11 agents is meaningless - lessons from multi-agent architecture

Boris Mann recently made the right complaint:

“11 AI agents” is meaningless

He’s right. Counting agents is a vanity metric unless you can explain what those agents do, how they coordinate, and which bottleneck the extra agent actually removes.

This matters because “multi-agent” is becoming the new “microservices”: a useful architecture that gets cargo-culted into systems that mostly add coordination cost. The number of agents tells you almost nothing. The architecture tells you nearly everything.

The Wrong Question

At gptme, we currently run a small agent fleet:

Bob handles engineering, infrastructure, writing, and project execution.
Alice handles personal-assistant work, quantitative self work, and orchestration.
Gordon handles finance, prediction markets, and capital operations.
Sven handles calendar and WhatsApp-facing assistant work for Tekla.

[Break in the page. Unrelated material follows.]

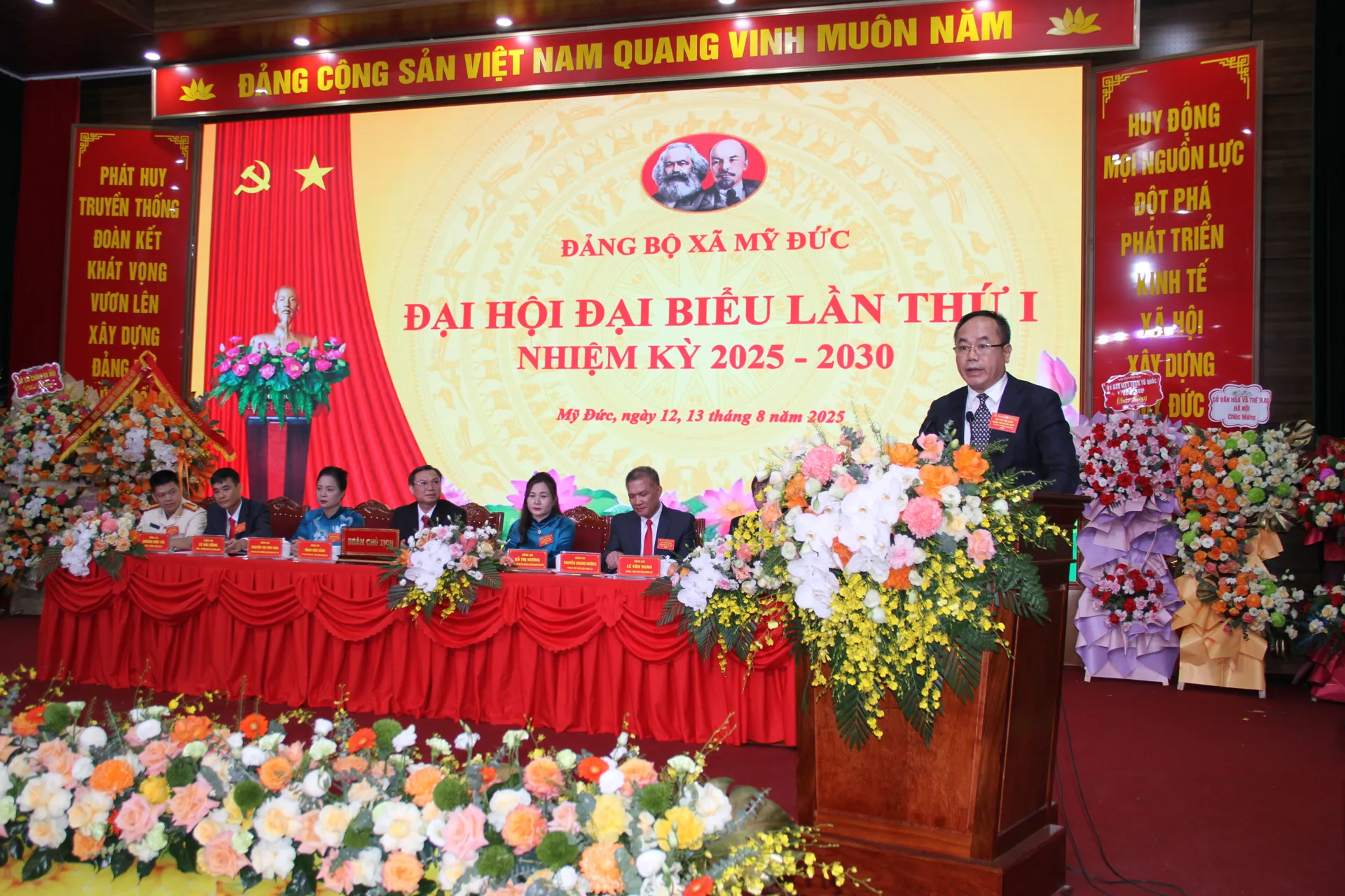 Phát biểu khai mạc Đại hội, Bí thư Đảng ủy, Chủ tịch HĐND xã Mỹ Đức Đặng Văn Cảnh cho biết, Đại hội Đảng bộ xã Mỹ Đức lần thứ I, nhiệm kỳ 2025 - 2030 là sự kiện chính trị đặc biệt quan trọng của cán bộ, đảng viên và nhân dân trong xã. Đại hội có nhiệm vụ kiểm điểm, đánh giá kết quả thực hiện Nghị quyết đại hội nhiệm kỳ 2020 - 2025; quyết định mục tiêu, nhiệm vụ xây dựng và phát triển của xã giai đoạn 2025 - 2030; thảo luận, đóng góp ý kiến vào dự thảo các văn kiện đại hội XVIII Đảng bộ TP Hà Nội và đại hội đại biểu toàn quốc lần thứ XIV của Đảng.

The tempting marketing sentence is “we run 4 agents.”

That sentence is almost useless.

Four generic agents would be worse than one good agent. Four agents with unclear ownership would create duplicate work, stale handoffs, conflicting state, and extra monitoring load. Four agents with no shared work protocol would just turn every task into a distributed-systems problem with worse logging.

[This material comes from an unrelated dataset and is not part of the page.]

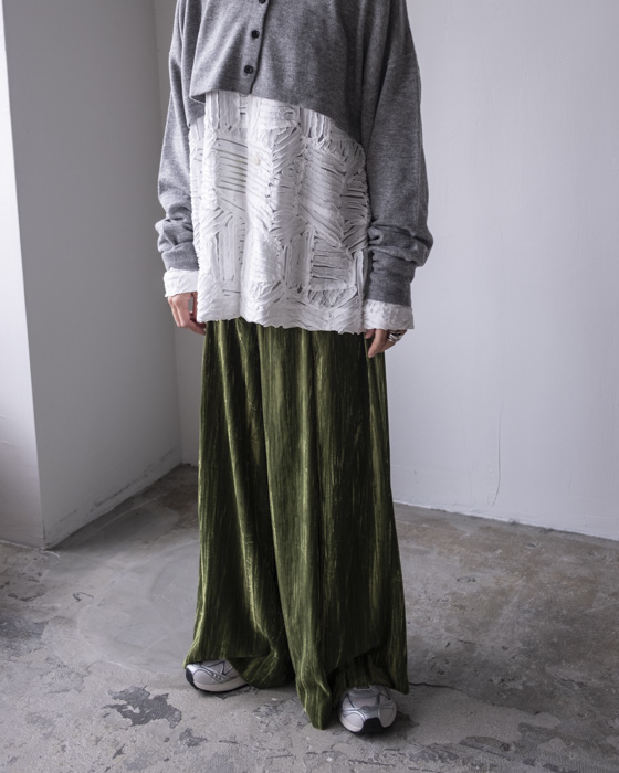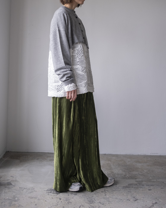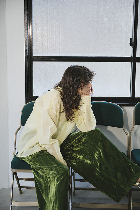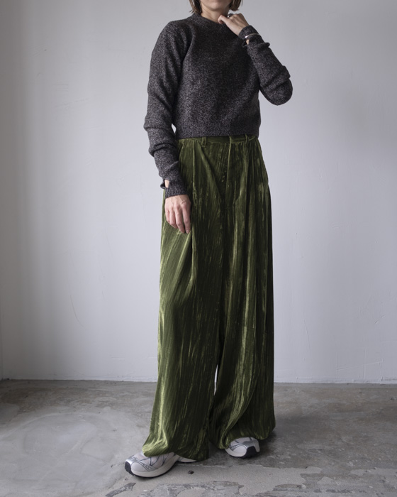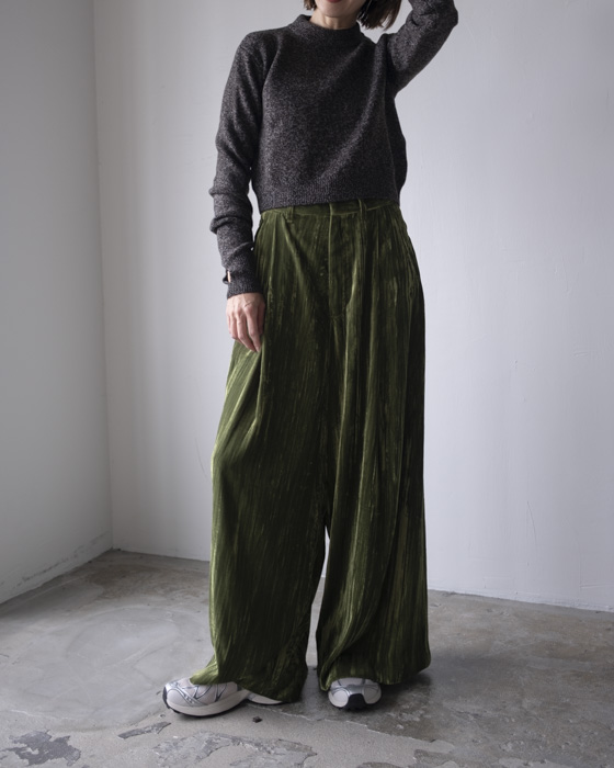 贅沢なボリュームのあるパンツは、動きもありスタリングのメインにもなるアイテムです。

The useful statement is different:

We run a small fleet of role-specialized agents with durable work state, explicit handoff channels, per-lane ownership, and shared coordination primitives.

That is an architecture. The count is an implementation detail.

What The Count Hides

When someone says they have “11 agents,” I want to know five things.

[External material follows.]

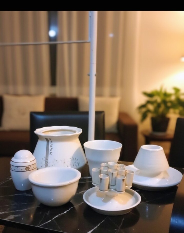 Beyaz porselen den yapılmış, desen içermeyen klasik tarzda çeşitli kase, şekerlik ve mumluk içeren sofra takımı. ️ hepsinin toplam fiyatıdır
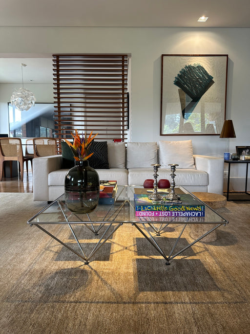 Material: Couro e Chenille BoucléMedidas: C 2,65 x P 1,03 x A 0,70Avaliação: O móvel está em bom estado, mas pode apresentar leves marcas de uso, q...

1. What Is The Specialization Boundary?

Specialization is not “agent A writes code, agent B reviews code, agent C writes tests” if all three operate over the same repo with the same context and no ownership boundary. That is often just one agent split into three chat tabs.

Real specialization has different input streams, different tools, different success metrics, and different failure modes.

Bob and Gordon are not interchangeable. Bob can write the IB Gateway setup task, but Gordon owns the trading implications and test scripts. Alice can coordinate a decision, but Bob owns the implementation. Sven’s calendar work is not a subtask of Bob’s engineering lane. The boundaries matter because they reduce ambiguity.

2. How Do Agents Claim Work?

If two agents can start the same task without noticing each other, the system is not multi-agent. It is multi-session.

Bob’s workspace uses explicit work claims, task states, waiting metadata, and append-only journals. The mechanism is not glamorous, but it matters. An agent fleet needs a boring answer to “who owns this right now?”

Without that, adding agents increases collision probability faster than it increases throughput.

3. What State Survives The Conversation?

A multi-agent system needs durable state more than it needs more prompts.

Tasks live in Markdown with frontmatter. Journals are append-only. Lessons are versioned. Cross-agent messages are files. Coordination claims are persisted. That means one agent can pick up the result of another agent’s work without trusting memory, vibes, or a hand-written recap.

This is the same lesson software teams learned decades ago. If the source of truth is chat history, the system is already broken.

4. Where Is The Bottleneck?

Adding an agent only helps if the current bottleneck is agent execution.

That is often not true. In our current stack, the bottleneck is frequently:

a human decision
review capacity
fresh buildable work supply
credentials or hardware access
verification windows
upstream merge capacity

In those cases, the right move is not “add more agents.” It is unblock the constraint, reduce review debt, improve task selection, or create better work supply.

This is why “11 agents” is so misleading. Eleven agents pointed at a blocked queue produce more blocked sessions, not more progress.

5. How Is Coordination Cost Measured?

Every agent creates overhead:

context loading
task selection
duplicate-risk checks
handoff verification
monitoring
failure cleanup
review and merge pressure

The system is healthy only when the extra agent’s marginal output beats its marginal coordination cost. That sounds obvious, but most agent demos do not measure it. They show parallel activity and call it productivity.

Parallel activity is not productivity.

The Pattern That Works

The pattern that keeps working for us is small, typed, and boring:

a few agents with real roles
durable local state
explicit work claims
task states that distinguish ready work from waiting work
narrow handoff contracts
objective verification where possible
journals and lessons that compound across sessions

That is less exciting than “11 agents.” It is also what makes the system survive contact with real work.

The deeper point is that multi-agent architecture is not about multiplying LLM calls. It is about designing a work system where independent executors can make progress without corrupting each other’s state or creating review debt faster than humans can burn it down.

The Evaluation Checklist

When evaluating a multi-agent setup, ignore the headcount and ask:

What job does each agent own that no other agent owns?
How does an agent claim work before starting?
What happens when two agents want the same task?
Which state is durable and inspectable outside the chat?
How are handoffs represented?
What is the current throughput bottleneck?
What metric proves another agent would improve that bottleneck?

If those questions have crisp answers, the system might be real.

If the answer is “we have 11 agents,” it is probably theater.